Wanting someone who wants you, but it just can’t happen. Circumstances — marriage, family, professional responsibilities — keep you apart. Wondering what it would be like if you were together. Would the things that lend your attraction urgency — that tinge of crazy love, an edge of obsession — would those qualities become overwhelming if you spent all your time together? Does the danger that seems to sexy now inevitably lead to frustration, anger, even repulsion?

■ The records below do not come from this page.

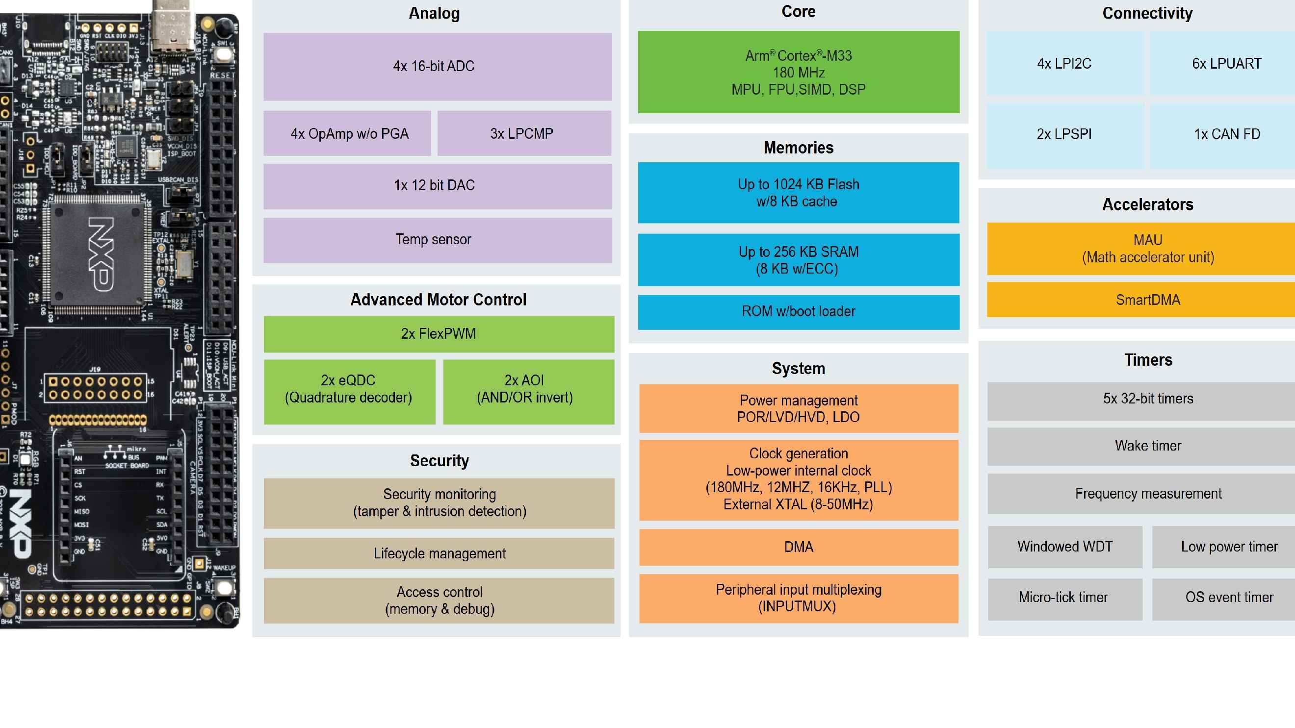通信接口 | LPUART、LPI2C、LPSPI、CAN FD |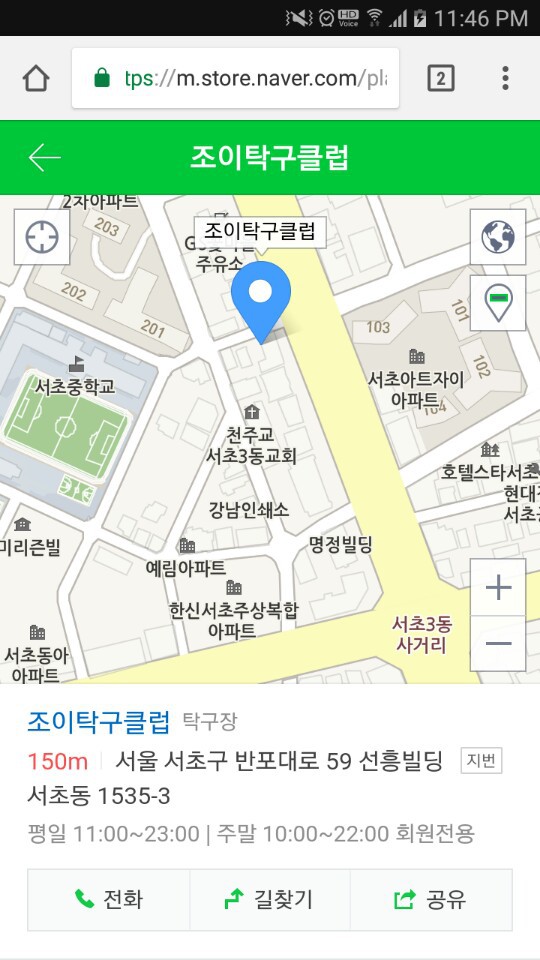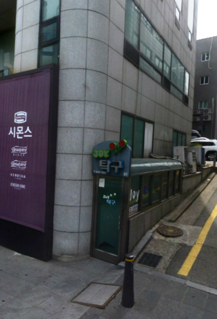 요즘 영어 시험 준비 때문에 레슨을 잠시 쉬고 운동도 자주 못 하고 있는 상황인데, 몸과 정신이 괴롭더라구요. 그래서, 대학원에서 비교적 가까운 곳에 있는 탁구장에 잠시 짬을 내어 방문하였습니다. 서초구 서초동에 있는 조이탁구클럽이고, 서초3동 삼거리와 교대입구 삼거리 중간 지점에 있습니다(지하1층에 위치). 3호선 남부터미널역에서 빠른 걸음으로 5분 정도 거리입니다.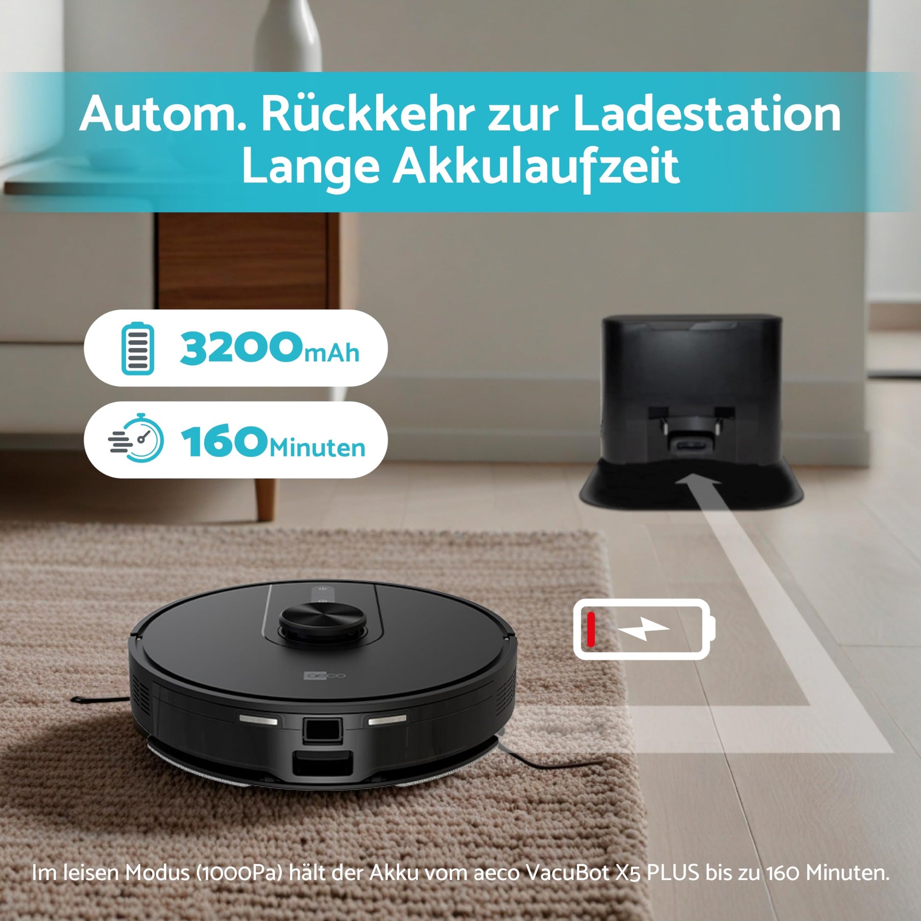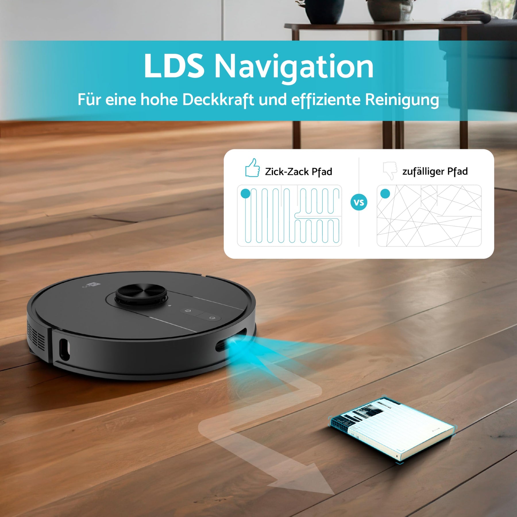 - Nie mehr vom richtigen Weg abkommen dank der innovativen LDS Navigationstechnologie. Dein aeco VacuBot X5 PLUS findet sich problemlos in deinem Zuhause zurecht und merkt sich bereits gereinigte Bereiche. Für eine sichere und präzise Navigation durch dein Zuhause und eine gründliche und effiziente Reinigung.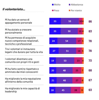 Il volontariato per sé (In che misura sei d’accordo con le seguenti affermazioni riguardo alla sua esperienza di volontariato? Base: Svolge o svolgeva volontariato – Valori %)

These are among the elements that made this week’s Homeland so good, so distinctive, so unusual — so, at one moment, hot. Note: If you’re looking for a full recap of this week’s Homeland, a terrific episode for Mandi Patinkin’s Saul as well, you’ll find it here on EW.com. I’m concentrating on Carrie and Brody this week, because this hour, “The Clearing,” was one of the most interesting and revelatory ones to date about how the show’s creators view the dynamic between Homeland‘s two crucial figures. SPOILER ALERT: DON’T READ FURTHER IF YOU HAVEN’T SEEN THIS WEEK’S HOMELAND. You might also not want to read what I have to say if you enjoyed the lousy Saturday Night Live sketch that decided the funny thing about the show is that Carrie is just a crazy broad. (Good Patinkin impersonation by Bill Hader, though.)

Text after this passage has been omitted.